Renault Sport managing director Cyril Abiteboul is adamant that he wants a decision by Red Bull regarding their engines for next season to be made as per FIA regulations which stipulate that engine manufacturers must reveal, by 15 May, which teams they will supply next year.

Red Bull were big winners in the engine reshuffle of last year, their Toro Rosso team receiving the works Honda engines that were once McLaren bound and the Renault supply to the junior team was redirected to Woking,

Red Bull have had the luxury of trialling Honda power on Toro Rosso hoping that it can be a race-winning piece of kit at some point. Talks are on right now between the Japanese manufacturer and Red Bull bosses with regards to their future together.

However, a decision is now expected by 15 May and a glance down to the Toro Rosso garage reveals that Honda is catching up but still lagging behind the other three F1 engine manufacturers. Invariably Red Bull would appreciate more time to make a decision, but this will not happen if Renault have their way.

Asked by ESPN about the deadline, Abiteboul insisted, “We have to [stick to it]. We have to for a very simple reason, which is that we need to order parts.”

“The problem is that people tend to amalgamate what happened last year when we changed very late our customers, but we only swapped customers. So actually we decided to allocate, to deviate, engines that were produced for Toro Rosso and to make them available for McLaren, but the parts for those engines were already ordered. I have to order now, the longest lead time items for next year, so what do I do: three or two [teams]?”

“Frankly, I discussed that question with Red Bull on a regular basis. It’s not that we want to be awkward – there are no tactics – but we simply must define the quantity. That’s why it’s in the sporting regulations, and what we discussed with the FIA regarding obligation of supply from suppliers to the customer teams, we agreed on the deadline of May simply because that’s the life of the project. Red Bull will have to cope with it.”

Abiteboul is happy to only supply McLaren next season, “It’s important to have one customer – I would not want to lose our two customers, really not, but that’s also one of the reasons why we’ve done what we have done with McLaren, which is to have a long-term contract with them until 2020.

“We are already in discussions with McLaren with what could happen beyond that point because there is a general feeling that we can achieve great things together. But, frankly, it’s not a problem moving from two customers to one customer.”

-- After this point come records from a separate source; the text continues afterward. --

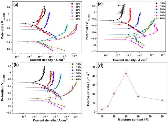 Polarization curves of Q235 steel in the Na-based bentonite clays at different moisture contents over time: (a) 240 h; (b) 720 h; (c) 1080 h. (d) Average corrosion rate of Q235 steel soaked in the Na-based bentonite clay for 1080 h with different moisture contents [].
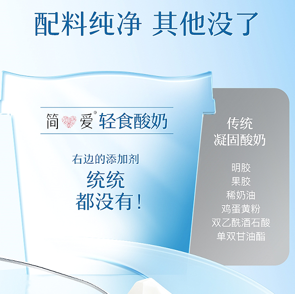 轻食酸奶0%蔗糖坚持纯净配方,沿用简爱“无蔗糖不酸”的生产制造体系,生产全程不添加任何代糖、蔗糖,通过鲜奶浓缩技术和独特的发酵工艺,最大限度弱化酸奶酸涩口感,让健身减脂人群营养、美味两不误。
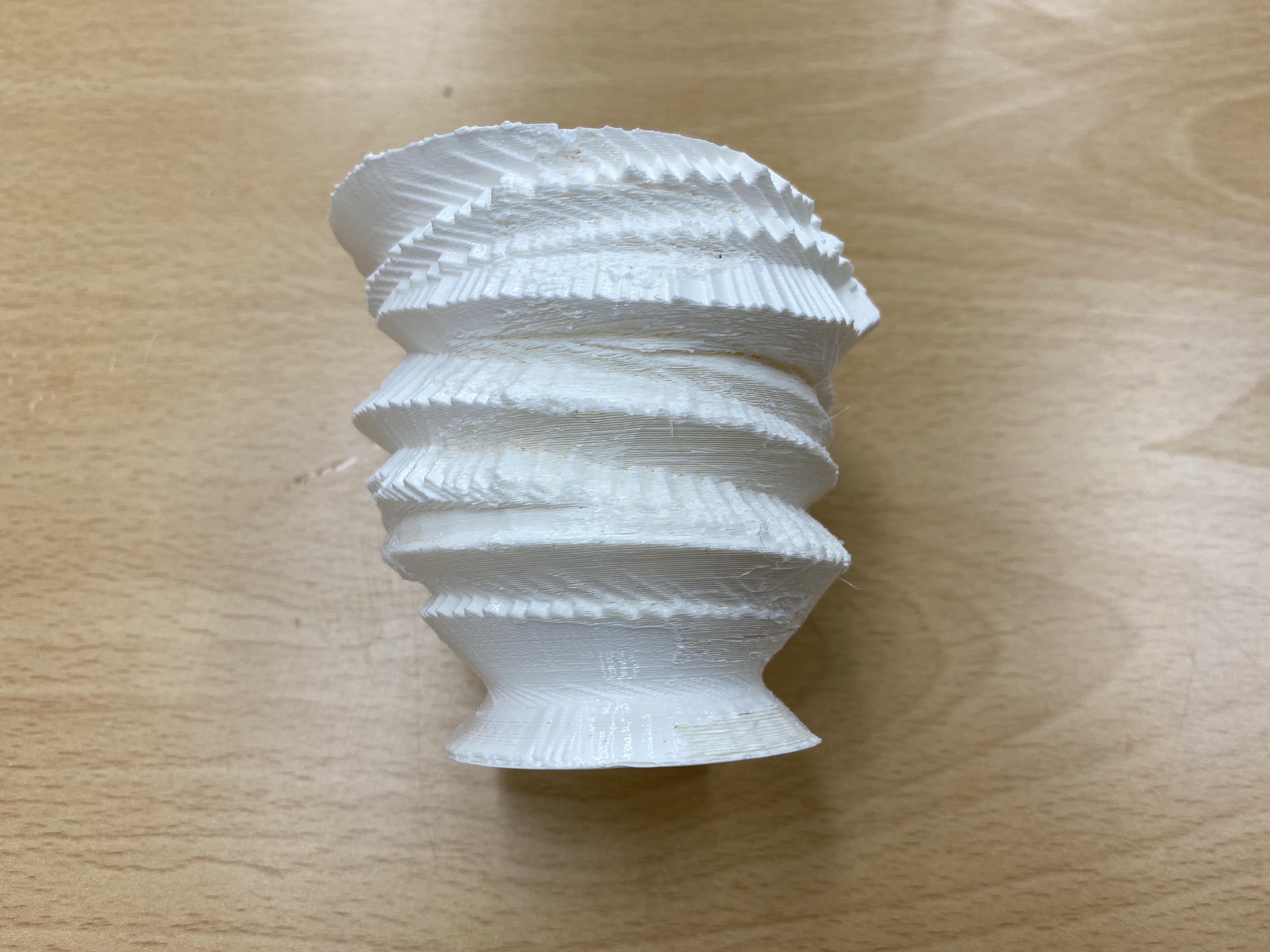 The image above shows just printed copy of a virtual pottery. It took more than 4 hours to print. The translucent part is made of soluble material which made possible to print overhang part of the pottery.

Red Bull and Renault were almost synonymous from 2010 to 2013 in which period they won eight F1 world championship titles.

But Renault underestimated the task of building the turbo hybrid power units that came into effect in 2014, while Mercedes caught everyone napping. The French manufacturer has played catch up since then.

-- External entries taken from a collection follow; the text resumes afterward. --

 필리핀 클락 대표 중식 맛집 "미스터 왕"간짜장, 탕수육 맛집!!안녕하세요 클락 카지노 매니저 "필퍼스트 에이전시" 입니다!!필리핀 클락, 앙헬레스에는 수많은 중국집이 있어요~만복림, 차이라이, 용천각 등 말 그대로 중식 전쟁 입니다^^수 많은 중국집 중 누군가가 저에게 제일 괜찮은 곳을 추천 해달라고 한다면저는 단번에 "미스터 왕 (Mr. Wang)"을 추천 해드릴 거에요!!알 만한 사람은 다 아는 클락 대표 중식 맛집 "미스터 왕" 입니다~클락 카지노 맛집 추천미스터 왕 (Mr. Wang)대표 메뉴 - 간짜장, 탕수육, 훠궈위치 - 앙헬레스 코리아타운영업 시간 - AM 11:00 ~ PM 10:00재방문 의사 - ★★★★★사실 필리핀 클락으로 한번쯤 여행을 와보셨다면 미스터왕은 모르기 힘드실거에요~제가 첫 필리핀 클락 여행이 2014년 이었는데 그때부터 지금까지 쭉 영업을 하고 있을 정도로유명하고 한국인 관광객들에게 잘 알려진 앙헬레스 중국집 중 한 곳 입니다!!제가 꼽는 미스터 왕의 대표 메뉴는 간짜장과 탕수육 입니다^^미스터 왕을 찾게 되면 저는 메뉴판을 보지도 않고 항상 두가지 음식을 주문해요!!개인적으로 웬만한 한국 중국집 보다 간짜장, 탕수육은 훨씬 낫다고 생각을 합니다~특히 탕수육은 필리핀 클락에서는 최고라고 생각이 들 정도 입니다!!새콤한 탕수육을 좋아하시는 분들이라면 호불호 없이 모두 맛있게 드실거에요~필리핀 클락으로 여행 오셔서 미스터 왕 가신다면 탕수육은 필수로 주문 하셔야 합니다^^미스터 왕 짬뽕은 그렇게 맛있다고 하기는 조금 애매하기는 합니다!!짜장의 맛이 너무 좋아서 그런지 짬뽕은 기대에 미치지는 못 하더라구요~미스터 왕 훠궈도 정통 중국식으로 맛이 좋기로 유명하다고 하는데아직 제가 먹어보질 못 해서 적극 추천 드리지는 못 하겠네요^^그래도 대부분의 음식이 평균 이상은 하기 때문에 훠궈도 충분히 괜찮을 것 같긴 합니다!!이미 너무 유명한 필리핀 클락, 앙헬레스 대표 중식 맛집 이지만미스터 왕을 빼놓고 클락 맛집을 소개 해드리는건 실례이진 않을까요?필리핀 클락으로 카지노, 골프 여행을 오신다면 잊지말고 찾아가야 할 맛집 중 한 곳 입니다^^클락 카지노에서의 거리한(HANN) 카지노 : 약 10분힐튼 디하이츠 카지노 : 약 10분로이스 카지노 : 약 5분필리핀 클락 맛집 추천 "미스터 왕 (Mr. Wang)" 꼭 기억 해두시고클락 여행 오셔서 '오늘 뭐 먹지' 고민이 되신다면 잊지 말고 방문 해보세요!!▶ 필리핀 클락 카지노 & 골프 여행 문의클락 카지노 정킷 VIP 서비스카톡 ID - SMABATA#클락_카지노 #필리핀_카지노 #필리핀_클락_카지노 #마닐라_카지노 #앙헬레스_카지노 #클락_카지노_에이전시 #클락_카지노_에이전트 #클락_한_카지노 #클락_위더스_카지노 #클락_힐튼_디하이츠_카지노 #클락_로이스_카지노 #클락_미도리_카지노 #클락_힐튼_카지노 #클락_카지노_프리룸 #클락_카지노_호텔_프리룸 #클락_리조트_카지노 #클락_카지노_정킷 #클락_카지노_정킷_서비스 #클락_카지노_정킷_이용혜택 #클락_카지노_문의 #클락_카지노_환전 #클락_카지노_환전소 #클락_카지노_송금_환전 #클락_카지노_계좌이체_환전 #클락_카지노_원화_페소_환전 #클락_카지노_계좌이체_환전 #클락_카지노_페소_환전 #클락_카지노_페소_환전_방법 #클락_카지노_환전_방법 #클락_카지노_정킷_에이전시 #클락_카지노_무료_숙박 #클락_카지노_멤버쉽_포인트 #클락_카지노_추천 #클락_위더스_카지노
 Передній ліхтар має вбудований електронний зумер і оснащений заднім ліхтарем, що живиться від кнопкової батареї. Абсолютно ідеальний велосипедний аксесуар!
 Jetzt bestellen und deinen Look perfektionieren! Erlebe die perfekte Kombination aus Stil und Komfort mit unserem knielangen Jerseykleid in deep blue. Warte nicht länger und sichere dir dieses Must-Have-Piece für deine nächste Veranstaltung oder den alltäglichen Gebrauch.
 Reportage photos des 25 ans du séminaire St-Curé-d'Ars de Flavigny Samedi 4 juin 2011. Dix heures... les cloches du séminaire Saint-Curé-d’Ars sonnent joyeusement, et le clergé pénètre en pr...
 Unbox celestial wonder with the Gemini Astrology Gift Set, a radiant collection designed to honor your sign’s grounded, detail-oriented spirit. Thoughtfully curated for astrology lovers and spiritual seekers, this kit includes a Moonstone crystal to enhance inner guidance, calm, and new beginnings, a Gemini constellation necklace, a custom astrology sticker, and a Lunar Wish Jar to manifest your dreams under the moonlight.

As a result, the partnership deteriorated to the point of divorce but with Red Hull’s two teams set to have no engine, the FIA intervened and an unholy alliance has existed since with occasional spats between the two camps making headlines.

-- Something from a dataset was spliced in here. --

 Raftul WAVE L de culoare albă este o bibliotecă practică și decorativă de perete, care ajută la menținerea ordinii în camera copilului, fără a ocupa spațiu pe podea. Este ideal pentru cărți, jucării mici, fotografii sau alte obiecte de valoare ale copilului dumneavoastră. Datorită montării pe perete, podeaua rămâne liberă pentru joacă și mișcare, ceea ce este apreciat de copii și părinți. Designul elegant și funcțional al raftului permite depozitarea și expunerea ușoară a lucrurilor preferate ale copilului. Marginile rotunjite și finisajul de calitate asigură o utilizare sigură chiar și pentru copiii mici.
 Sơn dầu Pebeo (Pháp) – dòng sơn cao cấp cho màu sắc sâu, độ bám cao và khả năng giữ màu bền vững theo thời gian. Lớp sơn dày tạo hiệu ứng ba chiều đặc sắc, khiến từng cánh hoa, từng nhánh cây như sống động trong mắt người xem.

Abiteboul admitted, “What we did not manage to do is understand and appreciate the complexity of the 2014 regulations and appreciate together that the model of a customer on one side and a supplier on the other side was completely blown away by the new regulations.”

“That’s why Mercedes and also Ferrari were the two teams to take advantage of that – they are great teams, have great facilities, well-resourced good people but it’s also because they are fully integrated.”

“That level of integration, we didn’t see that coming – neither Red Bull nor Renault. That was our common mistake, that we didn’t manage to support and identify and to react and correct. So we have been a little bit complacent with the model in which we wanted to collectively operate. That was not appropriate, that was not suitable or adapted to those new regulations.”

“I think by keeping us as a supplier and by us keeping them as a customer at arm’s length, it has also undermined the capacity for Viry – our engine base – to be in close contact with the racing.”

“All the discussion that we have about oil combustion and qualifying modes are things that we have never thought of and that is a direct consequence of the way we are working with Red Bull, and a direct consequence also of the fact that we had lost contact by not being a works team, or not being associated with a team that was considering us a complete partner.

“We’ve lost ground by not being in the racing environment. That’s one of the things that we are re-building now that we have a works team,” explained Abiteboul.